The interesting thing about the next two columns is that, with the rules of the old order, confrontation was even worse: both the US and China would lose 56% with the US falling from 9% to 4% and China from 16% to 7%. The implication is clear: confrontation alone is not enough, there was also a need to change the rules of the game.
This is what the last two columns represent: ‘How they see the future’. With the new international order being devised in Washington, the US will once again be a strong leader –growing by 15%– and China a rival that will increase by only 4%. This is in a cooperation scenario, because if what finally prevails is a confrontation scenario – as seems likely – the US hastens its progress and, paradoxically, China, which will have to turn to its allies, the neutrals and perhaps the US’s ex-allies, will succeed in advancing more rapidly because it is the latter it will ‘cheat’ or from whom it will derive ‘rent’ in the classical sense of that term.
There is another reason to explain why the US decided to switch to MAGA. This is what in game theory is known as the ‘shadow of the future’: the expectation that the strategic game unfolds over various rounds and thought has to be put into how the incentives and costs of each strategy work out for or against you. When the game is viewed as a slow and predictable process, the discount factor of the future is low: everything can be rectified without ‘errors’ proving fatal. But when the future arrives more quickly, the discount rate rises exponentially and the actions taken now are worth more. In this scenario –similar to the one described by Thucydides in the 5th century BC– prevention is better than cure: if your hegemony is at risk because China can steal an advantage with an economic, technological or military initiative to which you are unable to respond, the rational option is to act first and to ponder later.
The implications of this simulation are disturbing to those of us who believe in positive-sum games. If undisputed hegemony is the goal of the US, MAGA is more rational than is usually supposed: China loses more than the US. Moreover, the new equilibrium to which it leads is more stable than many of us would want. The reason is simple: the absolute value of China’s losses are less than the relative benefits to the US, meaning that the system as a whole could be –although it is by no means certain– better than in the pre-MAGA world. Although in the event of this difference between benefits and costs being narrow and uncertain, whichever side initiates the game expects that the change of rules and uncertainty will affect its rival hegemonic power and the rest of the world even more than itself. Once this point is reached, the whole world will start to suffer shocks and will have to review its strategies. The game becomes global.
- The other pieces of the chessboard
The question to be put to MAGA advocates is whether their plans envisage that allies and rivals, despite the costs they are going to have to bear, will go on acting in exactly the same way as they have in the past.
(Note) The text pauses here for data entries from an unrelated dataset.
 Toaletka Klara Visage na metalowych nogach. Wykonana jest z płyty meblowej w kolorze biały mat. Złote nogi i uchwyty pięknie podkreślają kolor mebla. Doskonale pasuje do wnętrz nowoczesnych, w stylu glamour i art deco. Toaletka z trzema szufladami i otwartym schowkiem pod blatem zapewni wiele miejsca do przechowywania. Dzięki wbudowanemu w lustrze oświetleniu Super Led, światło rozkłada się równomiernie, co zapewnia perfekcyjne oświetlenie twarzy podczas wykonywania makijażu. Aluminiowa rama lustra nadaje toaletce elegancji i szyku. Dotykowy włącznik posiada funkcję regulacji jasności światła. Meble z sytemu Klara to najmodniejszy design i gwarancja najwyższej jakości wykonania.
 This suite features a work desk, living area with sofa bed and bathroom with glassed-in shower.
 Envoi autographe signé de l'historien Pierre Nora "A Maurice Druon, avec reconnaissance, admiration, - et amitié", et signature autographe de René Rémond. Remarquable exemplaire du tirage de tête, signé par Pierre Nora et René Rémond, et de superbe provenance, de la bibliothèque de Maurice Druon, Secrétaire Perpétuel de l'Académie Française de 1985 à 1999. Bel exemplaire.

The answer, from the viewpoint of the countries that constitute the other chess pieces, is unequivocal: it would be an error of judgement if they voluntarily put this forward as their strategic response.
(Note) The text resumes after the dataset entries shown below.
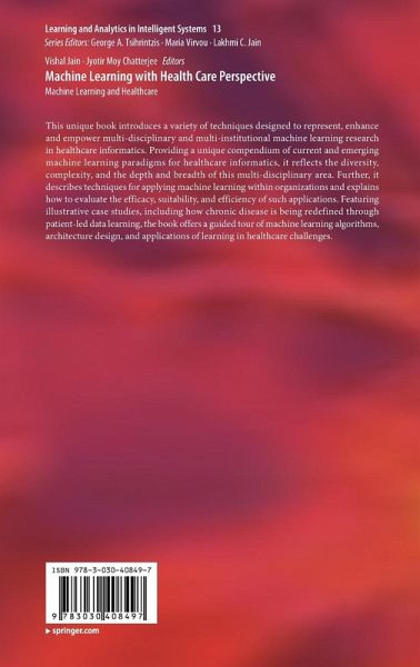 Chapter 1: Machine learning for Healthcare: Introduction.- Chapter 2: Artificial Intelligence in Medical Diagnosis: Methods, algorithms and applications.- Chapter 3: Intelligent Learning Analytics in Healthcare Sector Using Machine Learning.- Chapter 4: Unsupervised Learning on Healthcare Survey Data with Particle Swarm Optimization.- Chapter 5: Machine Learning for Healthcare Diagnostics.- Chapter 6: Disease Detection System (DDS) Using Machine Learning Technique.- Chapter 7: Knowledge Discovery (Feature Identification) from Teeth, Wrist and Femur Images to determine Human Age and Gender.- Chapter 8: Deep Learning Solutions for Skin Cancer Detection and Diagnosis.- Chapter 9: Security of Healthcare Systems with Smart Health Records using Cloud Technology.- Chapter 10: Intelligent Heart Disease Prediction on Physical and Mental Parameters: A ML Based IoT and Big Data Application and Analysis.- Chapter 11: Medical Text and image processing: Applications, issues and challenges.- Chapter12: Machine Learning Methods for Managing Parkinson's Disease.- Chapter 13: An Efficient Method for Computer-aided Diagnosis of Cardiac Arrhythmias.- Chapter 14: Clinical decision support systems and predictive analytics.- Chapter 15: Yajna and Mantra Science Bringing Health and Comfort to Indo-Asian Public: A Healthcare 4.0 Approach and Computational Study.- Chapter 16: Identifying Diseases and Diagnosis using Machine Learning.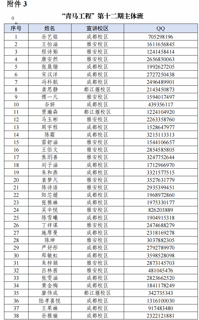 引导团员青年深入学习2026年中央一号文件《中共中央国务院关于锚定农业农村现代化扎实推进乡村全面振兴的意见》,领悟以农业农村现代化为核心,把握粮食安全、农民增收、和美乡村建设等关键要求(附件2)。可邀请专家学者、驻村干部、校青马班学员(附件3)等开展主题宣讲、政策研讨,鼓励川农学子立足专业,走进基层开展农技推广、调研实践,将文件精神转化为服务乡村振兴的具体行动,为四川农业强省建设贡献青春力量。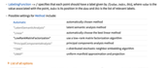 Automatic automatically chosen method "LatentSemanticAnalysis" latent semantic analysis method "Linear" automatically choose the best linear method "LowRankMatrixFactorization" use a low-rank matrix factorization algorithm "PrincipalComponentsAnalysis" principal components analysis method "TSNE"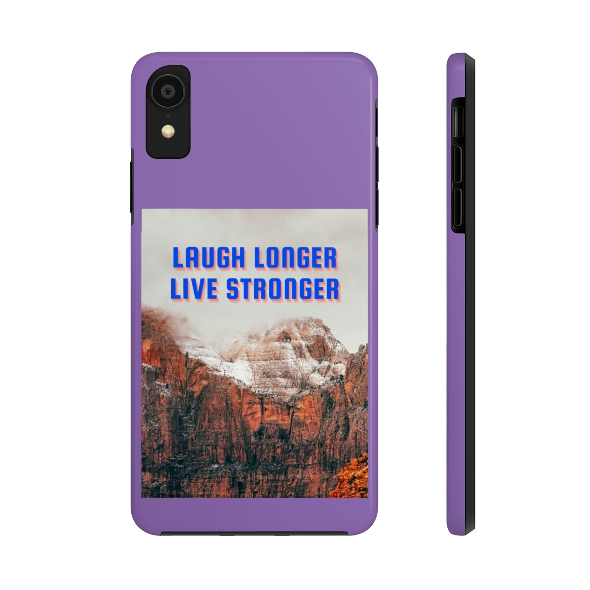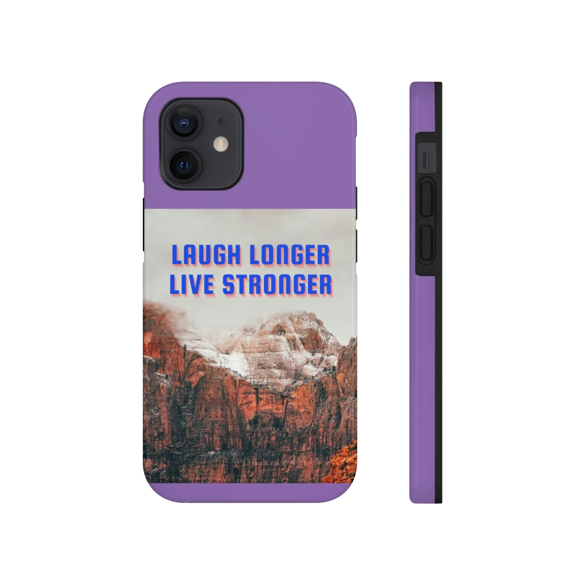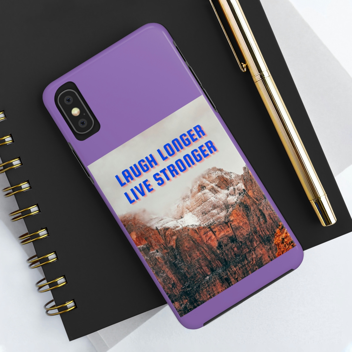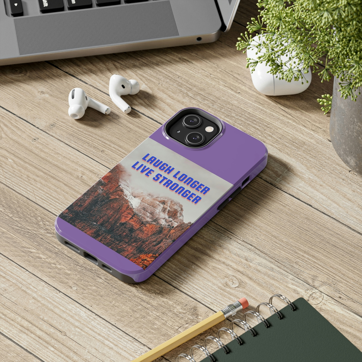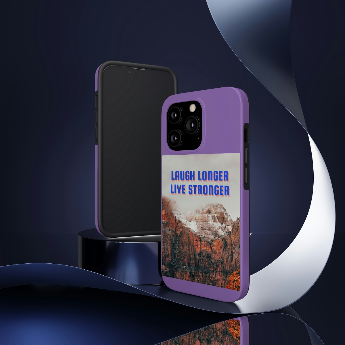“LAUGH LONGER LIVE STRONGER” Protect your phone in custom style with this tough phone case. This lightweight phone case is impact resistant. Compatible with iPhone 6, 6s, 12, 13, 14 & more – check our available sizes.
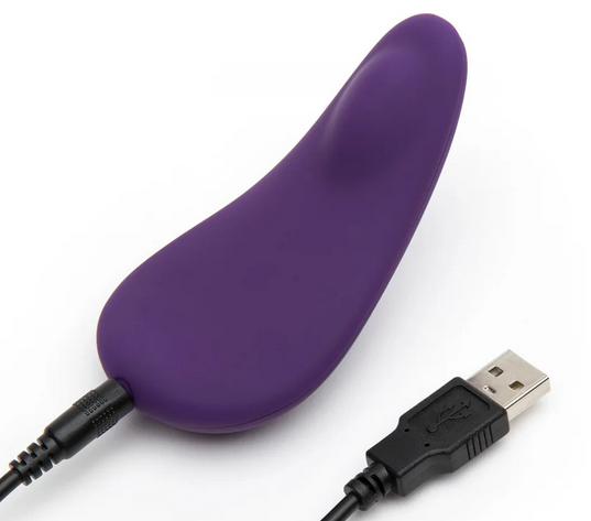 The Tracy’s Dog Swirlii is a wearable rotating vibrator designed to be worn inside your underwear for hands-free pleasure. It features a main insertable shaft which sits inside the vagina and rotates in a circle, a flexible small appendage that vibrates, and an external part with a raised bump that stimulates the clit. This external arm also helps to anchor the toy in place. At first, I wasn’t sure what the little flexible appendage was for or where to put it. Eventually I realised that it is meant to go inside along with the main inserable arm.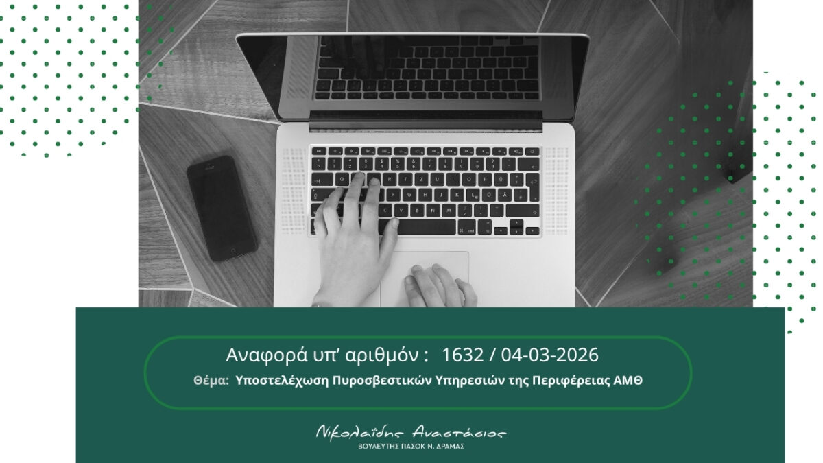 Παρέμβαση ευθύνης του Αναστάσιου Νικολαΐδη για την αντιμετώπιση της δημογραφικής κατάρρευσης της Δράμας «Τώρα είναι η ώρα για ένα ολοκληρωμένο, στοχευμένο και μακρόπνοο σχέδιο» […]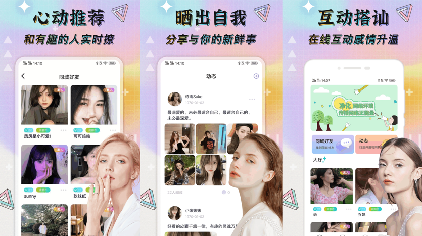 熱戀可以同城快速尋找有緣人,獨(dú)創(chuàng)了照片墻功能,可以以真實(shí)形式來查看附近人群,還可以發(fā)布自己生活中各種動(dòng)態(tài),以及對(duì)別人進(jìn)行評(píng)論,以此為方式加快雙方互動(dòng)。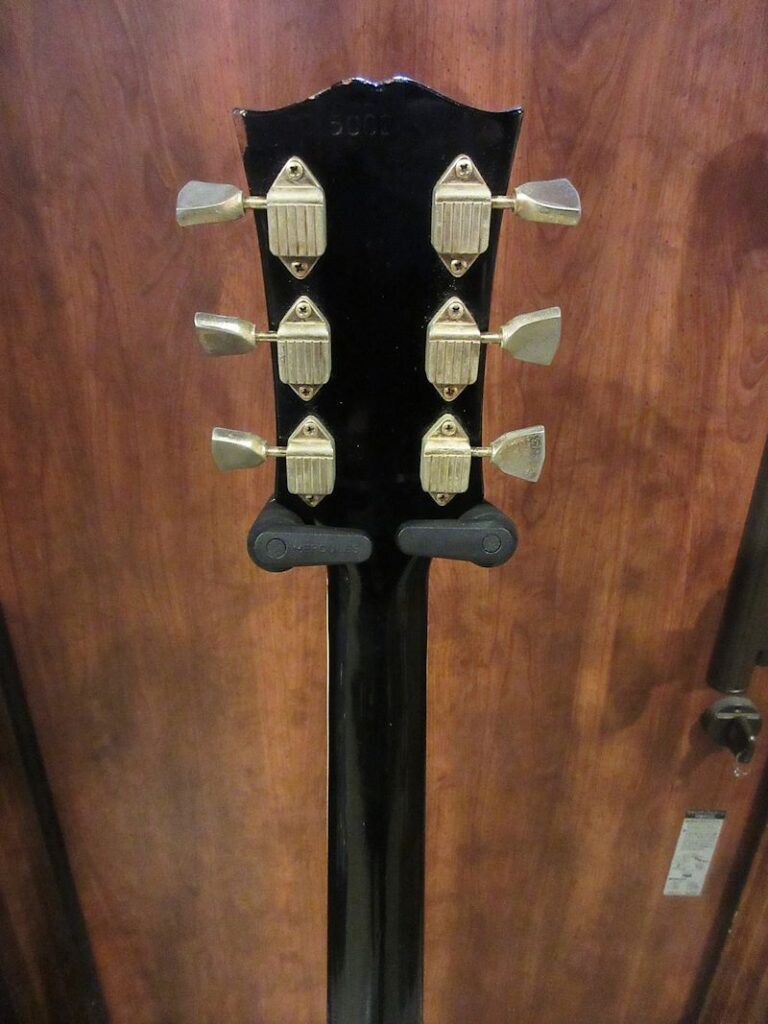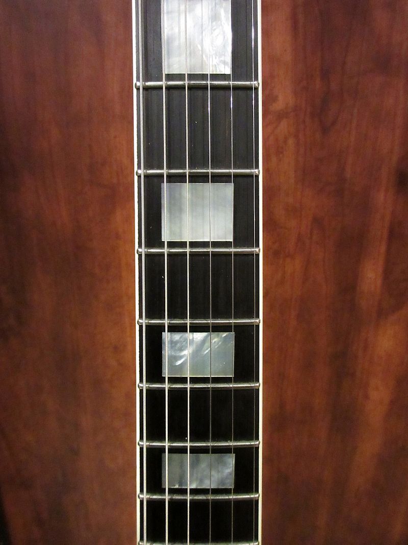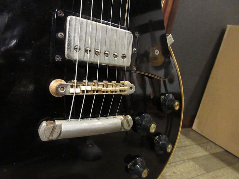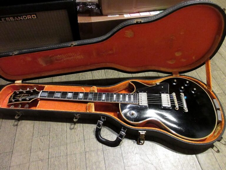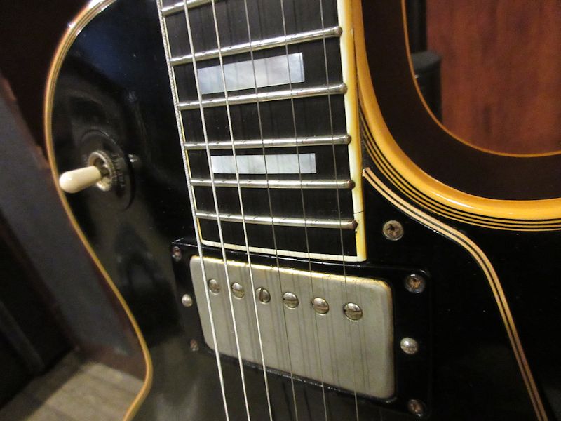 ジャズギターのマーケットに対応するソリッドギターとして開発され、1954年に登場したレスポールカスタム。SGシェイプを経て1968年にオリジナルのボディーシェイプにて復刻されますが、翌年1969年途中にはその後のレスポールカスタムの基本スペックとなる、ボディーが積層構造の所謂「パンケーキボディー」へと変更されます。1968年から1969年途中までの僅かな期間に生産されたボディーがワンピースマホガニーバック&メイプルトップの個体は、50年代のテイストを色濃く残すことから、同時期に再発されたP-90搭載のゴールドトップと共に現在でも高い人気を誇っています。今回入荷の1本は1969年製、3ピースマホガニーネック、ボディーはワンピースマホガニーバック&メイプルトップ仕様の人気スペック!フレット・ナットとバックパネルのビス数本以外はオリジナルコンディションをキープした価値ある個体です!プレイアビリティーも抜群で、以降の同モデルとはやはり異なるヌケ感と温かみのあるサウンドキャラクターが魅力的。ウェイトは約4.4kgと標準的でややスリムに仕上げられたネックシェイプも高ポイント♪サウンド・コンディション・ルックスの3拍子揃った‘69 Black Beauty、このチャンスをお見逃しなく!オリジナルイエローインナー(マリゴールドカラー)ハードケース付属(取っ手補修済み)

To test this, for the purposes of the model it has been assumed that, while the secondary players are initially dependent on the policies that the US and China impose on the blocs –whether they cooperate with them, isolate themselves from them or confront them– in later phases they theoretically have three alternatives:
Loyalty: this consists of strengthening the ties with the historical hegemonic power, although the latter now requires a greater show of loyalty or may even impose explicit costs on its allies such as tariffs or tributes of servitude.
Untethering: this is basically the European de-risking strategy. The realisation that the hegemonic power is raising the price of belonging to its bloc and that desertion does not entail unacceptably punitive costs leads to a distancing from its sphere of influence. This may be conceived as a version of Strategic Autonomy.
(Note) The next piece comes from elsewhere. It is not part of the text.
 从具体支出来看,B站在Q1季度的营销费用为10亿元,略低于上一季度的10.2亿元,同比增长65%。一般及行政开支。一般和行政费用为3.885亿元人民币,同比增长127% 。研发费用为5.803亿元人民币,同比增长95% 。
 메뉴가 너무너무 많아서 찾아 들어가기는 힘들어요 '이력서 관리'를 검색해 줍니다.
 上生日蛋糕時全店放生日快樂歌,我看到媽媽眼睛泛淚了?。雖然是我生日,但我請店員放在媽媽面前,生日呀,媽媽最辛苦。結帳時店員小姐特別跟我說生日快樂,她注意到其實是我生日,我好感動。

Change: the third would be an extreme option; convinced that the hegemonic power is going to be defeated, exasperated with its demands for tribute and being subjected to arbitrary and discriminatory measures, the only option is to change sides and switch hegemonic power.
While the second option may be thought feasible in the short to medium term, it is unlikely to constitute a stable solution. The reason is simple: the elasticity of exports (0.4) is so high that, without the US and Chinese markets, maintaining the same levels of global presence and prosperity is highly improbable.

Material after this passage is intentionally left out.